Теперь о ваших стихах. Все они безусловно несут печать поэзии. Золото, Времена, Сожаления. Но у меня впечатление, что в каждом есть одна-две нескладных строки (к примеру, в конце стихотворения Бродячая еврейка, в остальном превосходного; но возможно, что я в этом ничего не понимаю). Я восхищён. Нужно это развивать. Возможно, это и есть ваша дверь к самой себе — в том случае, если вы будете постоянное превосходить себя.

Что касается моей рукописи — это настоящий вздор*. И теперь, когда это написано, у меня всё меньше и меньше смелости печатать это. Впрочем, я ещё не нашёл станок. И потом, всё это выводит меня из терпения, в том числе и я сам.

Обнимаю вас, дорогая мятежница

Б.   

 

U

 

8 марта 57

Бернару д'Онсие

 

Старина, вот, она закончена, я потратил сорок дней, чтобы сделать это. Абсолютно не то, что я намеревался написать. Я взялся за дело с идеей создать что-то вроде романа. Взял за основу Кайенну, а затем первая же написанная сцена потянула за собой все остальные, и фактически вся совокупность моей книги (сотня страниц) уложилась в одну-единственную ночь в Кайенне. Сущий кошмар — писать подобные вещи. Это мало похоже на то, что обычно пишут, и это нечитабельно. Если бы мне пришлось давать название, я бы назвал это «НЕТ!» Теперь, когда она закончена, я замечаю, что по сути именно это я и хотел написать, сколь бы нечитаемым это ни оказалось. И потом, чёрт возьми. Теперь это позади.

Если бы у меня был станок, я, возможно, напечатал бы эти страницы, ибо мне любопытно узнать, какое впечатление это может произвести на других, но я искренне верю, что ты не дочитал бы до конца.

Я пребываю посреди своего рода внутреннего бедствия. Я не вижу ничего, НИЧЕГО.

Аравия... да. Я бы отправился хоть к дьяволу. Но думаю, что даже дьявол не принял бы меня... И к тому же, для отъезда нужны деньги. В Пондичерри делать нечего.

Возможно, что и повсюду делать нечего, а нужно просто ждать, пока всё это не истреплется, не изживёт себя.

Вот и жду.
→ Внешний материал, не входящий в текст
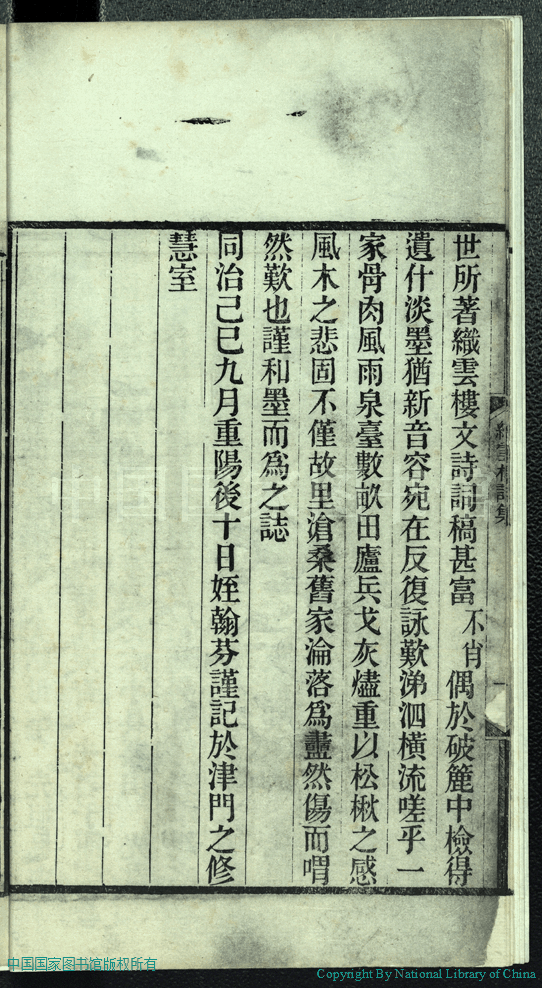| (PRINT FRIENDLY VERSION) 織雲樓集:五卷(清陳貞撰)。光緒六年(1880) ![]() : 序.1b | 織雲樓集:五卷(清陳貞撰)。光緒六年(1880)![]() : 序.1a |

В сущности, я спокоен — пережил свой маленький кризис с книгой, — и теперь ничего, кроме пустоты. Возможно, через какое-то время всё заживёт.

............

Сердечно вспоминаю вас обоих

Б.  

 

Перечитываю своё письмо и нахожу его слегка тоскливым. Не беспокойся. Пустяки. Это пройдёт — я только хотел сказать тебе, что закончил эту окаянную штуку.

 

U

 

9 марта 57

Бернару д'Онсие

 

Старина, вчера в момент депрессии я написал тебе глупое письмо.

Аравия — это интересно. Я сейчас представляю из себя нечто вроде бесполезного монаха, который с радостью сжёг бы свою старую кожу, чтобы быть полезным. И я достаточно отчаявшийся, чтобы добиться успеха.

Как найти около тысячи рупий, которые мне нужны, чтобы поднять якорь? Помоги мне решить эту проблему.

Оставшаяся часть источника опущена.